Michigan United Conservation Clubs: 
The First Voice for Michigan's Great Out-of-Doors
Phone: 517-371-1041
Fax: 517-371-1041

Action Alert
Senators Prusi and Richardville open doors to invasive species

March 1, 2007
Today State Senators Michael Prusi (D) and Randy Richardville (R) said its ok for the shipping industry to keep bringing new invasive species into the Great Lakes. By introducing a bill that would roll back the new ballast water permits put in place on January 1, 2007, the Senators have made it clear that the economic benefits of a $4.5 billion dollar sport fishing industry, the $30 million tax payer dollars spent annually controlling invasive species and the future health of the Great Lakes are not important. 
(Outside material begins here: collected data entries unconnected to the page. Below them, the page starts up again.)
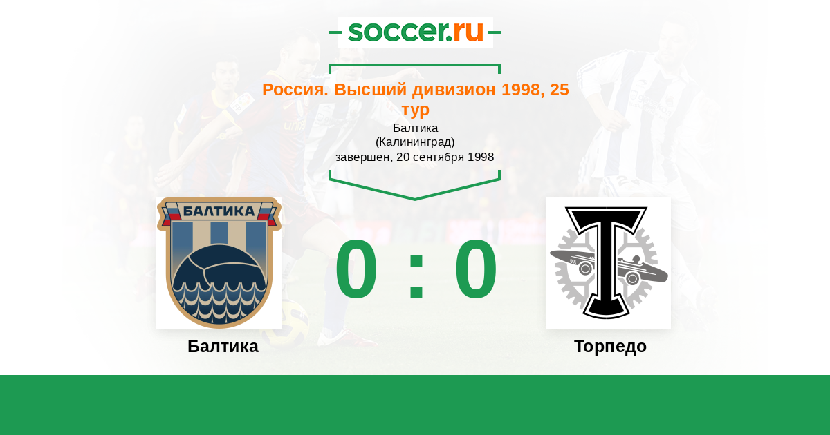 Россия. Премьер-Лига 03.06.1998 Торпедо Логотип футбольный клуб Торпедо (Москва) 0:0 Логотип футбольный клуб Балтика (Калининград) Балтика
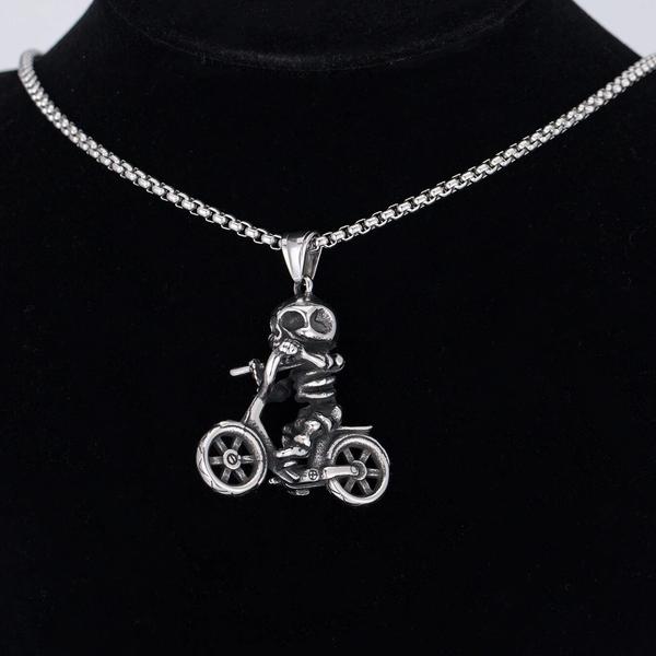 The detailed skull design, combined with bicycle elements such as gears and handlebars, creates a visually striking pendant that represents both a love for cycling and the fearless attitude of those who ride.
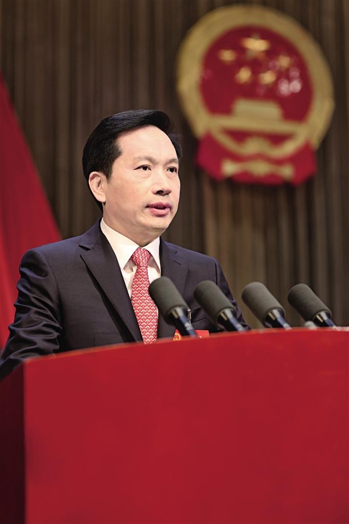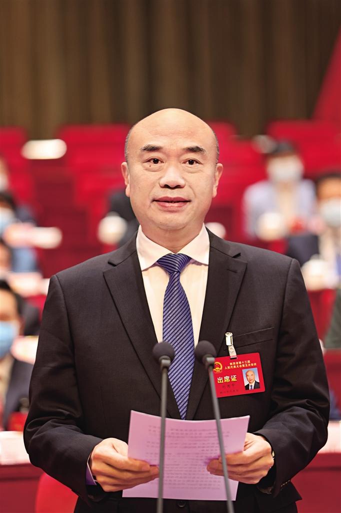 省長趙一德代表省政府向大會作政府工作報告。 記者 張辰攝
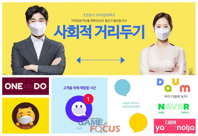 카카오, 네이버 등 대기업 포털 메신저 서비스에 이어 채널톡, 네이트온, 원두 등의 기업들도 사회적 거리두기 실천 로고를 속속 선보이며 코로나19 대응에 힘을 보태고 있다.
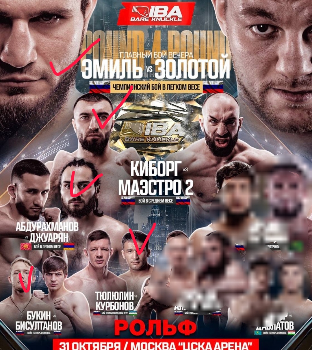 >>3255023 Фара - Странник. Победа Фары нокаутом. Внезапно. Байра - Раха. Победа Рахи по очкам. Юсупов - Пулемётчик. Победа Юсупова ввиду отказа угла Пулемётчика или многочисленных падений. Никулин - Кулмаганбетов. Победа Кулмаганбетова досрочно после нескольких ноедаунов

Ten ships have already applied for and received ballast water permits from the DEQ, proving that this process can work if the shipping industry would step to the plate and take responsibility for their discharges. Currently Ohio, Wisconsin, Minnesota, Illinois and Indiana are also looking at implementing a ballast water permit similar to Michigan's. If Michigan backs down now, will other states lose the incentive to implement ballast water controls? Can we afford to let more invasive species and diseases lose in our waters?

Take Action:
Call your Senator today and tell they you don't appreciate them gambling with the fate of the Great Lakes. Tell them NO to rolling back Michigan's ballast water regulations! 

Background:
In less than one generation, aquatic invasive species have radically changed our Great Lakes' ecosystem. Every eight months a new invasive enters our lakes primarily through the discharge of ballast water. Frustrated with the lack of action on the federal level, the 2005 Michigan legislature took the reigns and created the first ballast water permit requirement in the nation. PA 32 and 33 of 2005 prohibit ocean-going vessels from discharging ballast water into Michigan's waters (including the Great Lakes) after January 1, 2007, unless they have a permit issued by the DEQ. This requirement was set after years of study and deliberation. The general permit gives ocean-going vessels the option of installing four commercially available technologies, or choosing to install alternative technologies that have equivalent effectiveness.

Senators:
Jason Allen, District 37, 866-525-5637, [email protected] 
Glenn Anderson, District 6, 517-373-1707, [email protected] 
Jim Barcia, District 31, 866-305-2131, [email protected] 
Raymond Basham, District 8, 517-373-7800, [email protected] 
Patricia Birkholz, District 24, 888-287-2889, [email protected] 
Michael Bishop, District 12, 877-924-7467, [email protected] 
Liz Brater, District 18, 866-305-0318, [email protected] 
Cameron Brown, District 16, 866-305-0316, [email protected] 
Nancy Cassis, District 15, 888-38-NANCY, [email protected] 
Deborah Cherry, District 26, 866-305-2126, [email protected] 
Irma Clark-Coleman, District 3, 866-747-7803, [email protected] 
Hansen Clarke, District 1, 877-252-7537, [email protected] 
Alan Cropsey, District 33, 866-305-2133, [email protected] 
Valde Garcia, District 22, 800-516-0026, [email protected] 
Tom George, District 20, 866-305-2120, [email protected] 
Jud Gilbert, District 25, 877-445-2378, [email protected] 
John Gleason, District 27, 517-373-0142, [email protected] 
Bill Hardiman, District 29, 866-305-2129
Tupac Hunter, District 5, 517-373-0994, [email protected] 
Gilda Jacobs, District 14, 888-937-4453, [email protected] 
Mark Jansen, District 28, 517-373-0797, [email protected] 
Ron Jelinek, District 21, 866-305-2121, [email protected] 
Roger Kahn, District 32, 517-373-1760, [email protected] 
Wayne Kuipers, District 30, 877-KUIPERS, [email protected] 
Michelle McManus, District 35, 866-305-2135, 
Dennis Olshove, District 9, 517-373-8360, [email protected] 
John Pappageorge, District 13, 517-373-2523, [email protected] 
Bruce Patterson, District 7, 866-262-7307, [email protected] 
Michael Prusi, District 38, 866-305-2038, [email protected] 
Randy Richardville, District 17, 517-373-3543, [email protected] 
Alan Sanborn, District 11, 888-353-ALAN, [email protected] 
Mark Schauer, District 19, 888-962-6275, [email protected] 
Martha Scott, District 2, 800-SCOTT-78, [email protected] 
Tony Stamas, District 36, 866-305-2136, [email protected] 
Michael Switalski, 866-303-0110, [email protected] 
Buzz Thomas, District 4, 866-348-6304, [email protected] 
Gerald VanWoerkom, District 34, 866-305-2134, [email protected] 
Gretchen Whitmer, District 23, 517-373-1734, [email protected] 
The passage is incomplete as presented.